WHAT TO PRODUCE.
In your reply, repeat the full listing exactly and leave each picture out.

GIVEN INFORMATION.

....................

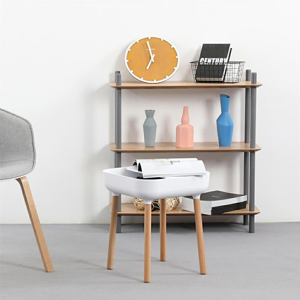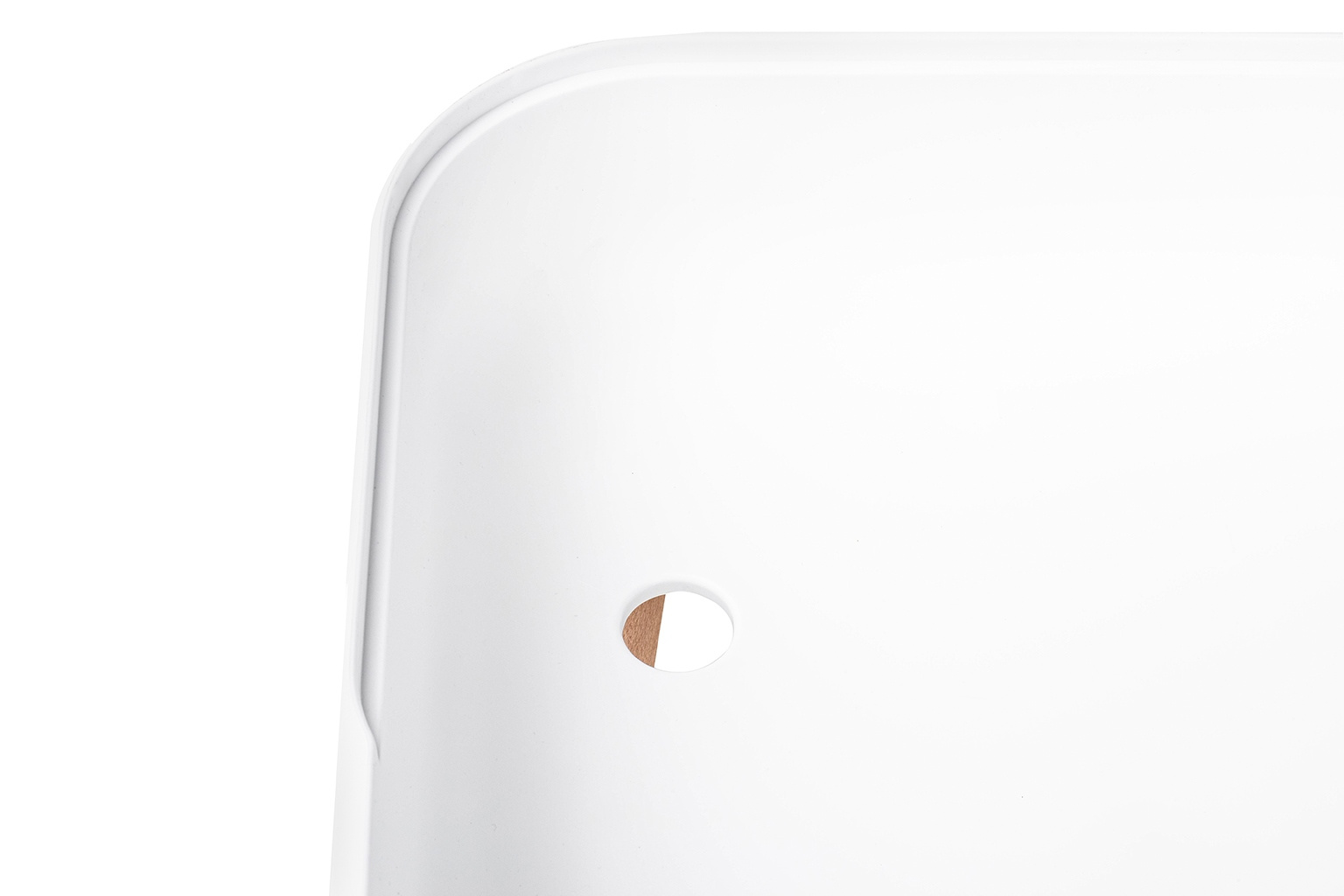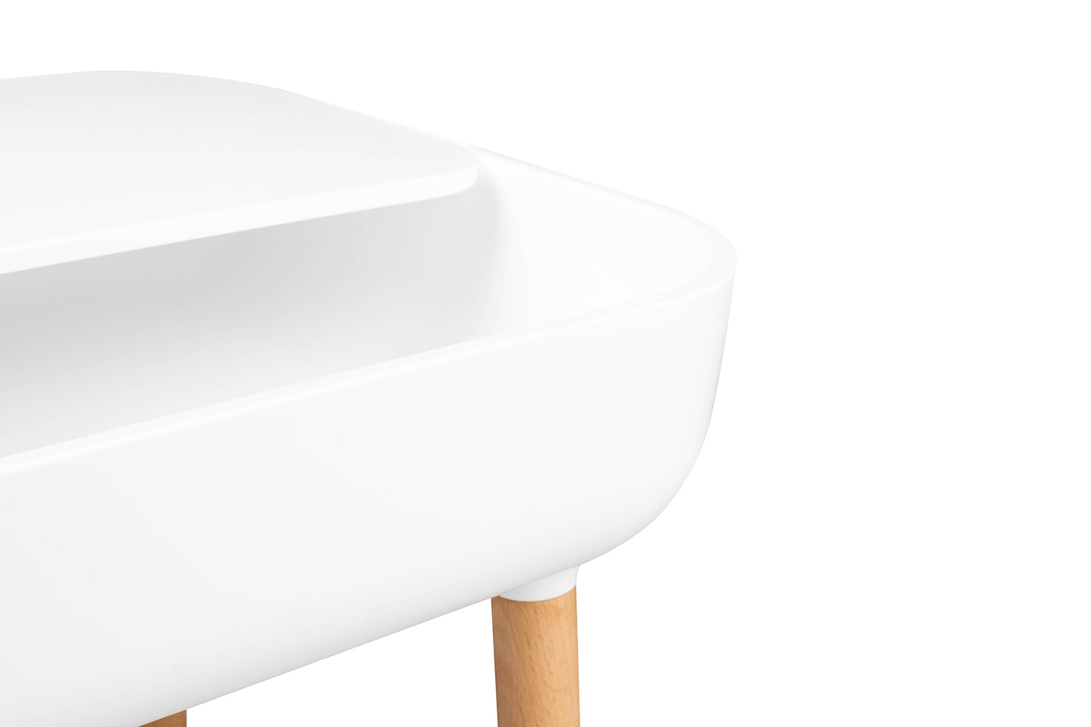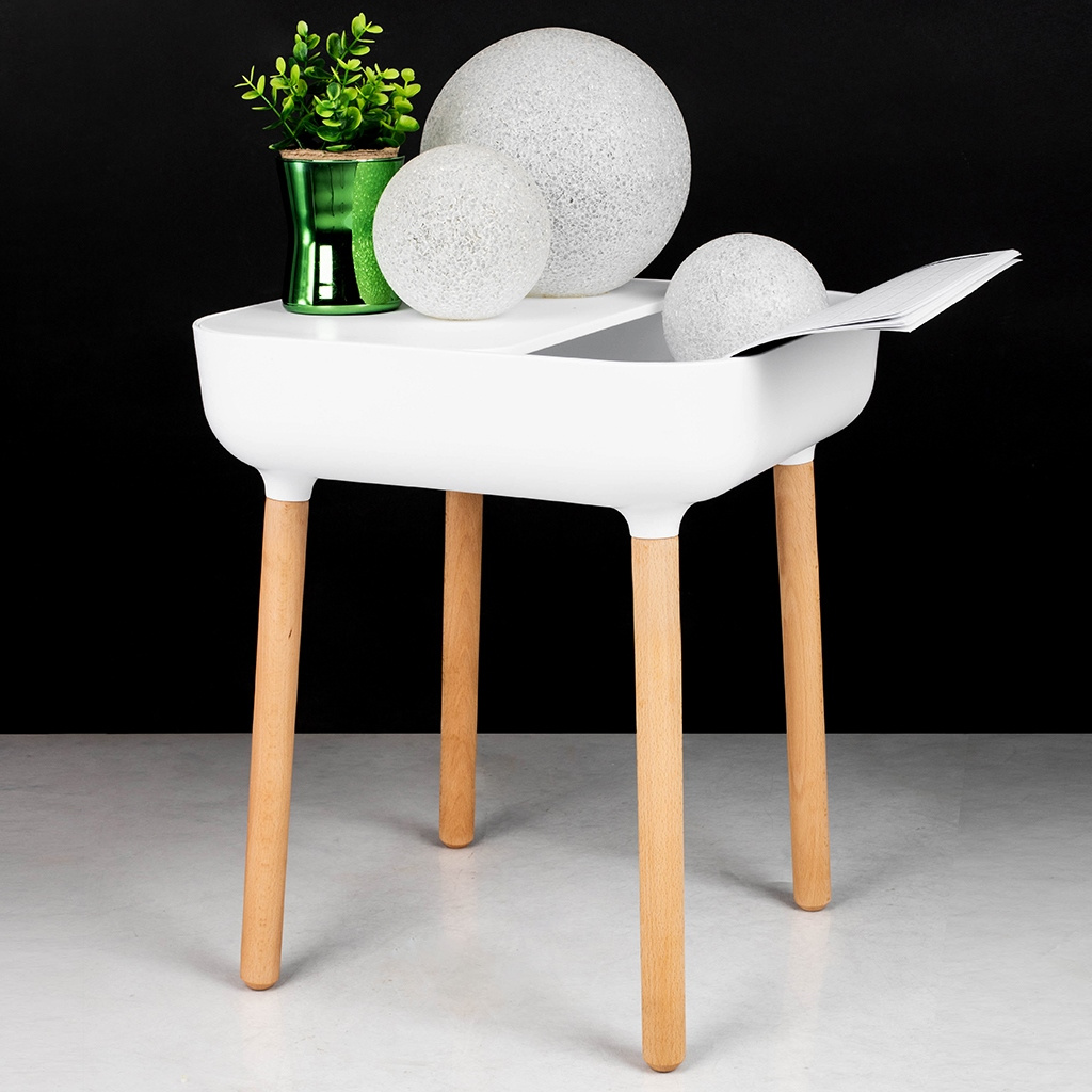 - Stolik BOWER biały. Blat z praktyczną półką wykonany został z polipropylenu w kolorze białym z dodatkowym miejscem na przeprowadzenie przewodu, co znacznie ułatwia organizację. Nogi z drewna bukowego sprawiają, że stolik świetnie odnajdzie się w stylu ska
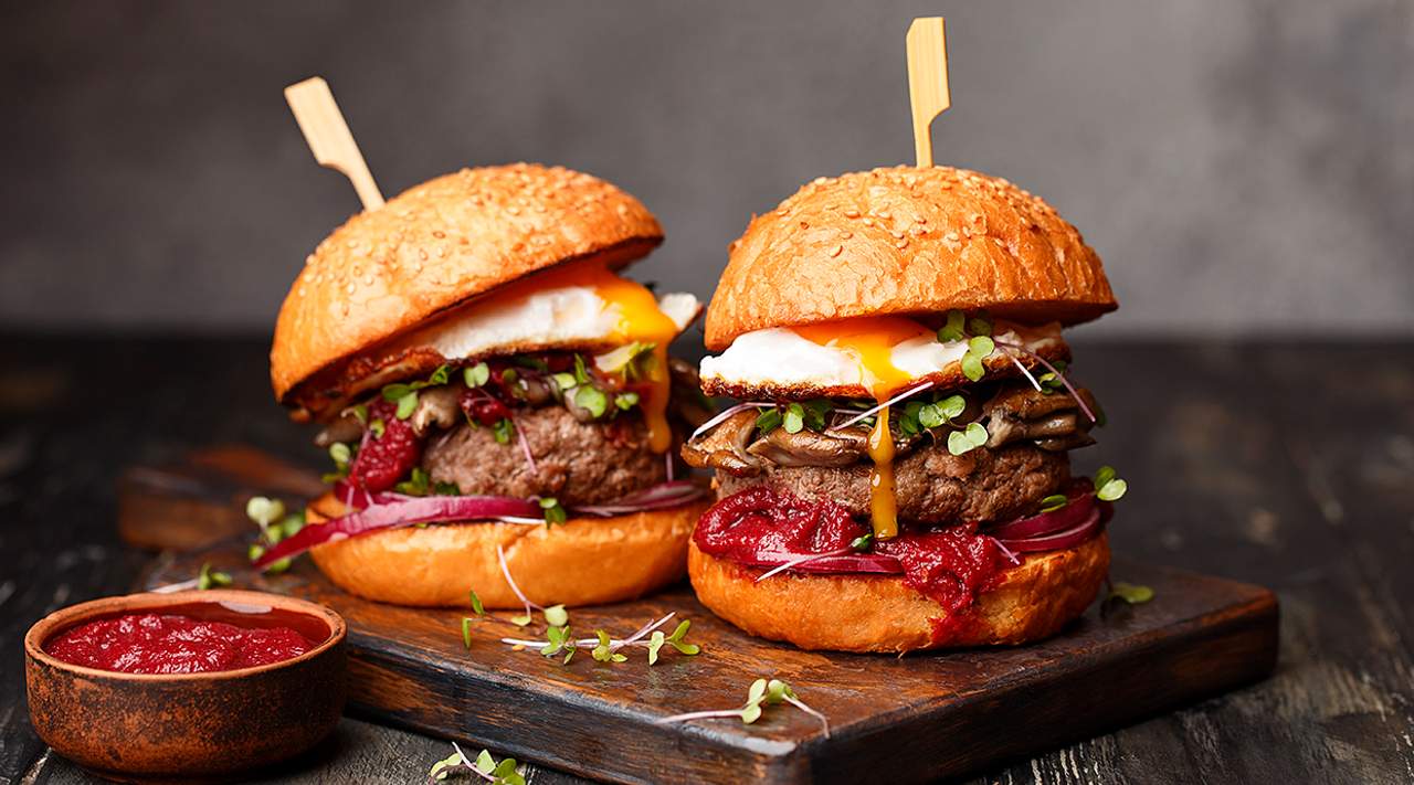 panino con Hamburger di manzo, pomodoro, insalata, cheddar e uovo
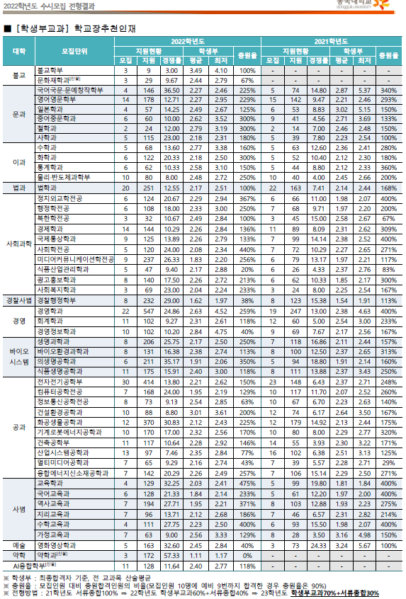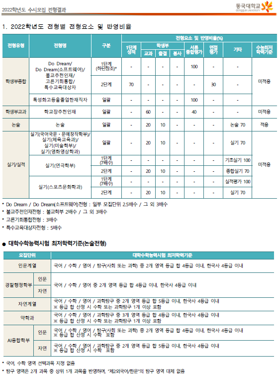 □ 2022학년도 동국대 수시, 논술 전형 결과

....................

RESPONSE.
 - Stolik BOWER biały. Blat z praktyczną półką wykonany został z polipropylenu w kolorze białym z dodatkowym miejscem na przeprowadzenie przewodu, co znacznie ułatwia organizację. Nogi z drewna bukowego sprawiają, że stolik świetnie odnajdzie się w stylu ska
 panino con Hamburger di manzo, pomodoro, insalata, cheddar e uovo
 □ 2022학년도 동국대 수시, 논술 전형 결과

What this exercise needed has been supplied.